Из тринадцати лун года ни одна не имеет такого значения для натуралиста, работающего на открытом воздухе, как апрельская. Я думаю, что нет сомнений в том, что ясное небо, а не температура, является важным фактором в миграционном движении наших птиц, прилетающих с Юга весной. Конечно, утро 14 апреля этого года было достаточно прохладным, чтобы задержать птиц, чувствительных к холоду. На мелких прудах образовался лед, и сильный мороз лег на все возвышенные поля; однако на восходе солнца старые буки были оживлены теми прекрасными птицами, желтыми древесными пеночками. И они не были ни онемевшими, ни безмолвными. Не было ни мгновения, чтобы они отдыхали, ни минуты, чтобы они не пели. Апрельская луна также имеет достоинство освещать болота, когда в полную силу выходит на передний план мир лягушек, и, пожалуй, никогда эти слизистые батрахии не бывают такими шумными, как в теплую ночь, при ясном небе и полной луне в апреле. Совершите тогда полуночную прогулку и посмотрите, не прав ли я. Конечно, никто не хочет быть ограниченным обществом квакающих лягушек, но другие существа, несомненно, пересекут ваш путь, и я полагаю, что читатель не живет в совершенно пустынной местности. Мое упоминание лягушек может показаться пренебрежительным, но это незаслуженно. Если они не слишком мудры, то и не совсем глупы, и всем людям хорошо быть осторожными в своих суждениях. Бывают времена и случаи, когда лягушка может перехитрить философа. Попробуйте поймать одну на скользкой грязи и посмотрите, кто будет барахтаться изящнее.

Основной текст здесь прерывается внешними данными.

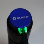 Charging the battery in the Olight M2R is simple. Snap the charging “cap” to the tail of the light, and connect the other end to a USB source. The tiny indicator on the cord of the charging cap will be red. It’ll turn green when the charge is complete.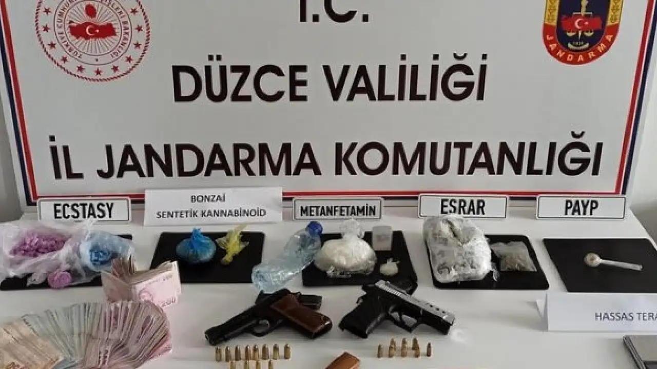 Düzce'de jandarma ekipleri uyuşturucu ticareti yapan 2 şahsı gözaltına aldı. Şahısların evinde yapılan aramada çok sayıda uyuşturucu madde ele geçirildi.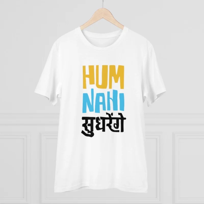 Men’s PC Cotton Hum Nahi Sudhrege Printed T Shirt (Color: White, Thread Count: 180GSM)

Недавно я бродил пол-ночи по акрам дикого болота, и, хотя часто желал оказаться дома или схватиться за руку друга, теперь, когда все позади, я искренне рад, что решился вторгнуться в места обитания сов, лягушек, выпей и множества мелких существ. Но позвольте мне быть более точным, и еще слово о лягушках. На приливных болотах, где мелкая вода была согрета полуденным солнцем, хорошенькие маленькие квакши устраивали шумный карнавал. На этом этапе моей прогулки я неспешно подошел к кромке воды, но только для того, чтобы обнаружить, что существ можно только слышать, а не видеть; если, конечно, дрожащие пятнышки на мерцающих лужах, которые исчезали при моем приближении, не были ими. Пронзительная резкость их общего пения была чем-то удивительным. Это был не столько хор, сколько дичайшие оргии лилипутских флейтистов. Порой песня этой же лягушки — это резкое щелканье кастаньет, отсюда их название в зоологии, Acris crepitans, но той ночью никто не щелкал. Вчера я забрел на влажный луг и присел на выступающую кочку. Тысячи флейтовых лягушек были вокруг меня, но я не видел ни одной. Я долго сидел там, надеясь, что мое терпение будет вознаграждено со временем, так оно и вышло. Наконец одна осторожно вышла из своего укрытия в затопленной траве, высунув лишь голову над поверхностью воды, и внимательно осмотрела окрестности. Она смотрела на меня с большим подозрением, а затем медленно выползла на вытянутую траву, пока не оказалась совсем над водой. Казалось, прошло много времени, прежде чем она устроилась на своем насесте, но, удобно усевшись, она, казалось, проглотила большой глоток воздуха; на самом деле, должно быть, так и сделала, ибо немедленно под ее нижней челюстью образовался огромный шарообразный мешок. Солнечный свет был благоприятным, и я мог видеть, что мешок содержал около двух капель воды. Затем началось флейтовое пение. Движение рта было слишком незначительным, чтобы его заметить, но перепончатый шар уменьшался или увеличивался с каждым звуком. Временами он не исчезал полностью. Заметив это, я слегка пошевелился, чтобы привлечь внимание существа. Оно немедленно прекратило петь, но мешок остался слегка уменьшенным в размере. Поскольку я снова был совершенно спокоен, уверенность вернулась к нему, и пронзительный монотонный «пип!» возобновился, но в еще более высокой тональности, как будто чтобы наверстать упущенное время, которое вызвало мое легкое вмешательство.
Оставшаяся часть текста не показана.